• Your objective
Reproduce the listing below word for word, with no pictures.

**** Supplied information ****

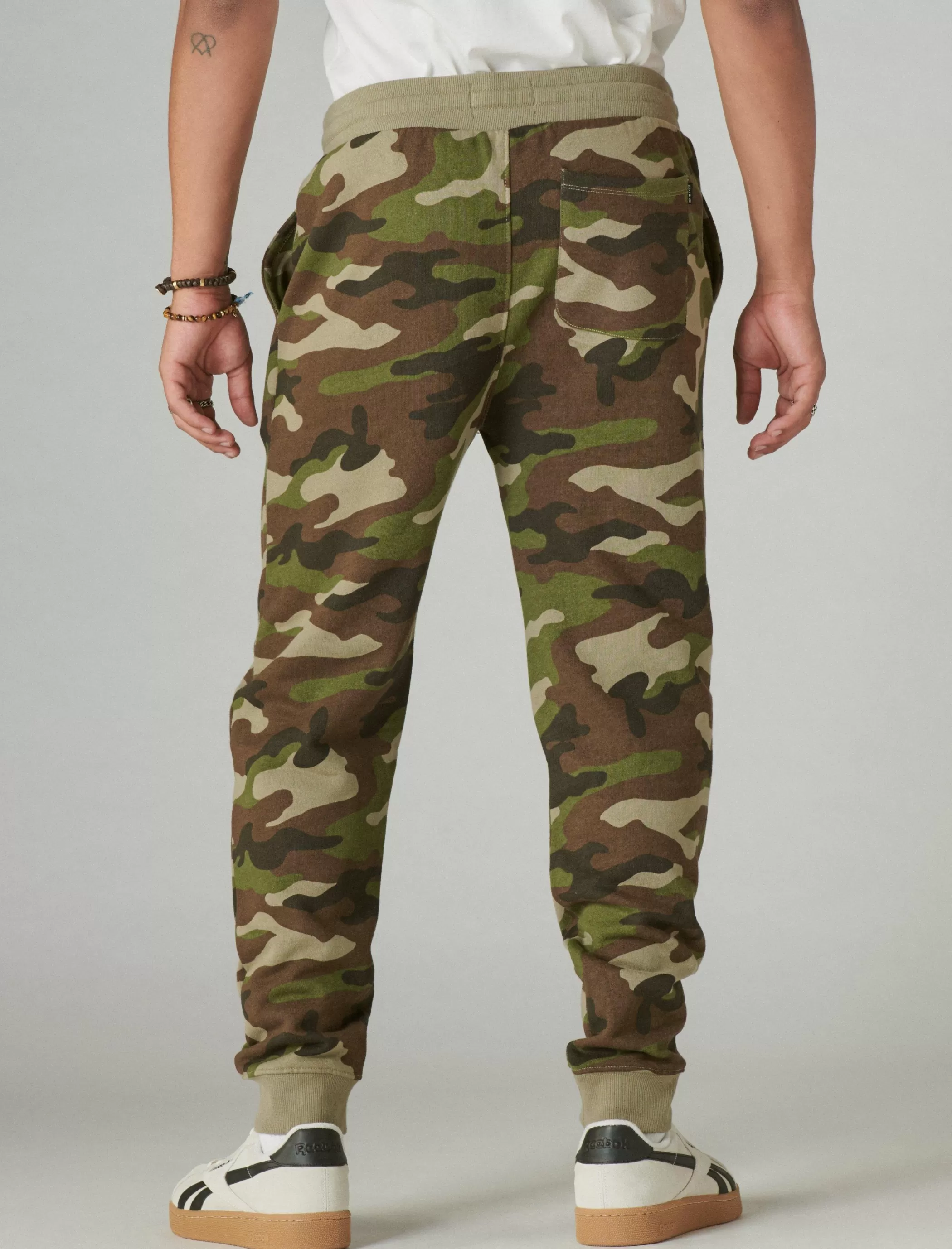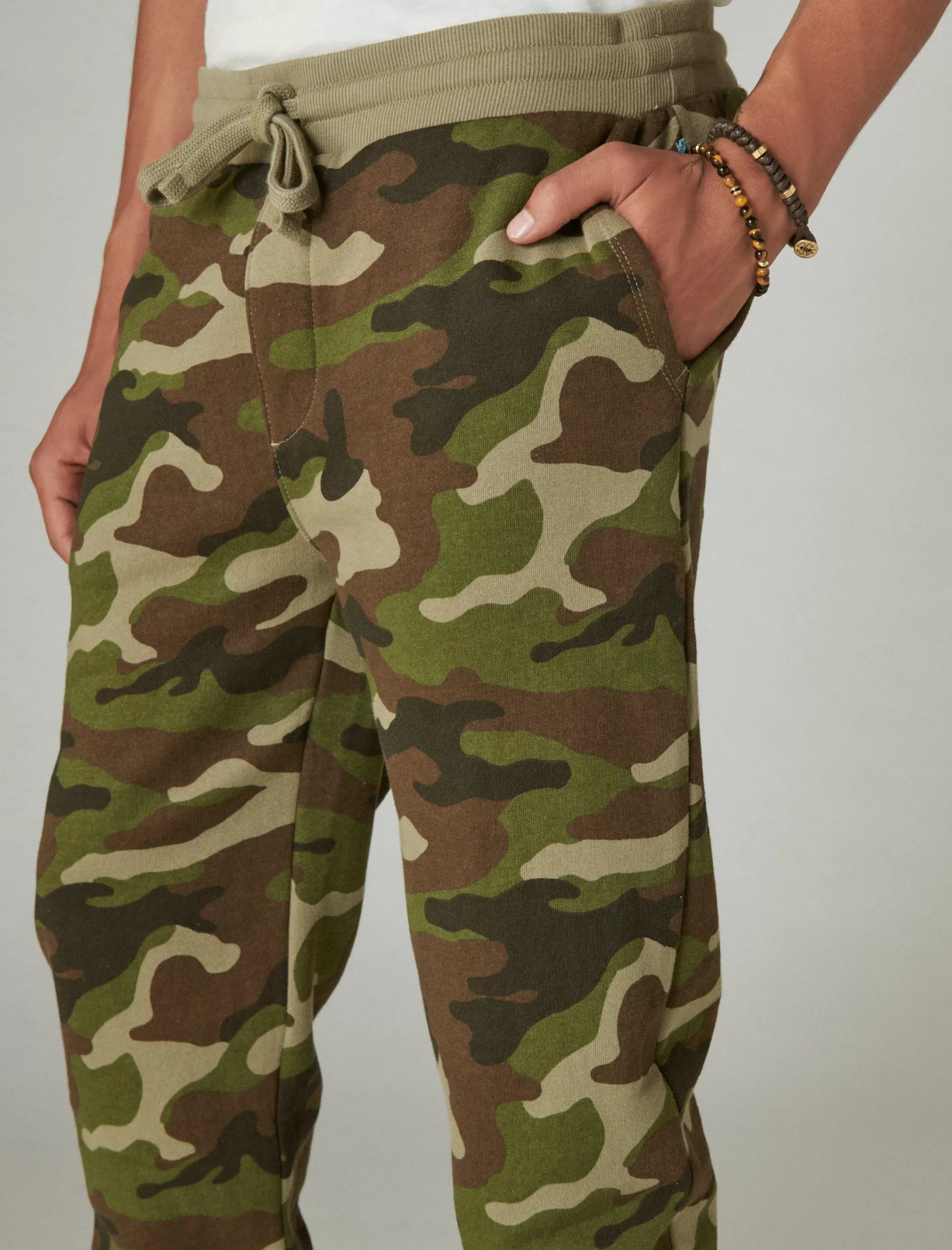 Crafted from soft sueded terry, this cozy camouflage jogger features an elastic-drawstring waist, multiple pockets and ribbed cuffs for easy, laid-back style.
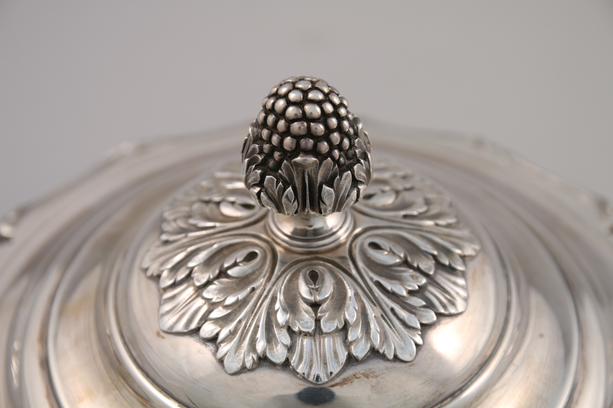 LÉGUMIER couvert en argent à batte-contours. La bordure ornée de joncs rubannés feuillagés. Les oreilles ajourées d'une large feuille d'acante. Couvercle à doucine sommé d'une prise en forme de graine reposant sur une terrasse feuillagée.
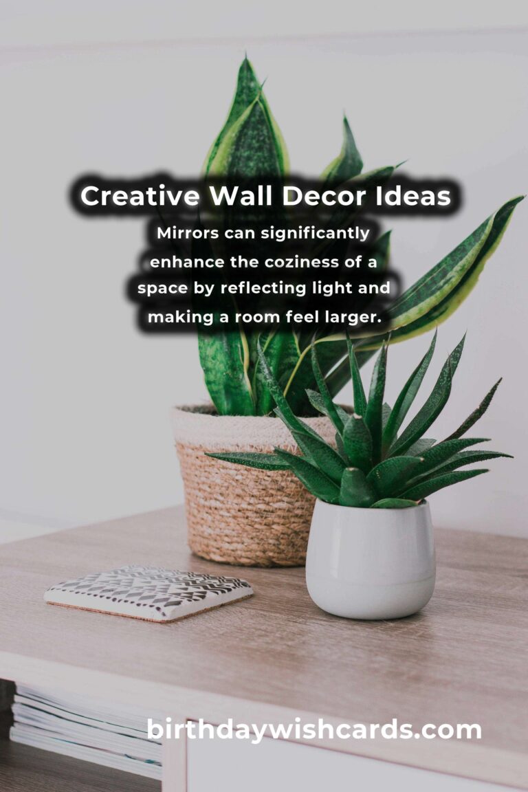 Creating a cozy atmosphere in your home is more than just selecting the right furniture and lighting. A gallery wall is a fantastic way to display your favorite photos and art pieces. Fabric wall hangings add texture and warmth to any room. Mirrors can significantly enhance the coziness of a space by reflecting light and making a room feel larger. Incorporating plants into your wall decor brings a touch of nature indoors.

****

• Answer space
 Crafted from soft sueded terry, this cozy camouflage jogger features an elastic-drawstring waist, multiple pockets and ribbed cuffs for easy, laid-back style.
 LÉGUMIER couvert en argent à batte-contours. La bordure ornée de joncs rubannés feuillagés. Les oreilles ajourées d'une large feuille d'acante. Couvercle à doucine sommé d'une prise en forme de graine reposant sur une terrasse feuillagée.
 Creating a cozy atmosphere in your home is more than just selecting the right furniture and lighting. A gallery wall is a fantastic way to display your favorite photos and art pieces. Fabric wall hangings add texture and warmth to any room. Mirrors can significantly enhance the coziness of a space by reflecting light and making a room feel larger. Incorporating plants into your wall decor brings a touch of nature indoors.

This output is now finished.